На шхуне завелся щенок, успел нажраться щелоку, вляпался в него всеми лапами и теперь лежит болеет, а все думают, страдают: выживет ли?
Внизу под кают-компанией, в кладовке боцмана, я знаю, висят винтовки, стоят ящики с патронами, под полубаком навалены капроновые сети с поплавками из пенопласта, и продовольствие есть, и горючего полны баки, все готово.
— А погодка хороша! — веселится возвратившийся из машины Илья Николаевич. — Славно пойдем! Нам бы только до Колгуева проскочить, чтоб не тряхануло, а там — там уж льды пойдут, там вода спокойная...
Ну да, конечно, Колгуев, льды, Новая Земля — радуемся мы. А те, кто пришел проводить нас, стоят маленькой группкой внизу, осиротело глядят на нас с пирса, и мы на них поглядываем сверху, но уже отрешенно, рассеянно, поматываем иногда ручкой, улыбаемся, как бы говоря: «Привет! Привет! У нас тут льды, Новая Земля, белухи спят и ныряют... Привет!»

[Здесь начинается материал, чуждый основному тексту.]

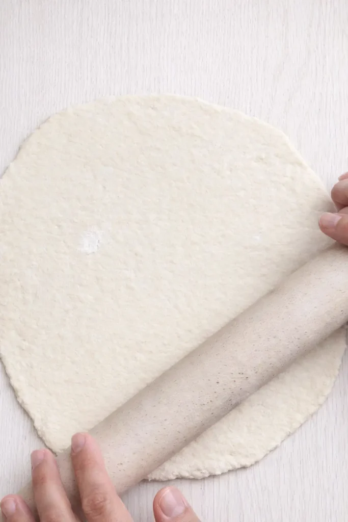 - Combine flour and yogurt to form a dough. Knead lightly and roll into a flat circle.

И пока мы устраивались в каютах капитана и стармеха, решая, кому где жить, пока лазили в машину, наполненную жиром, гулом дизеля, маслянистым светом ламп, маслянистыми бликами на металле, пока я здоровался, узнавал кого-то и меня узнавали, пока мы щупали тяжелые винтовки и рассматривали желтые ящики с патронами, пока заглядывали в рубки к штурману и радисту, и в камбуз на корме, и в полубак, где свалены были и крепко, разнообразно пахли сети, поплавки, буи, багры, доски, полушубки, телогрейки, рукавицы, краска и где шипел пар в душевой, пока поглядывали на алое ночное небо, на полированную ширь Двины, на выпуклую огромность рейда с застывшими кораблями, с движущимися катерами и моторками, оставлявшими за собой высокий треск моторов и черный на золотом след длинной волны, — «Моряна» наша тронулась потихоньку, отделилась от пирса и пошла, родная, забирая влево от берега, выходя на стрежень, на фарватер.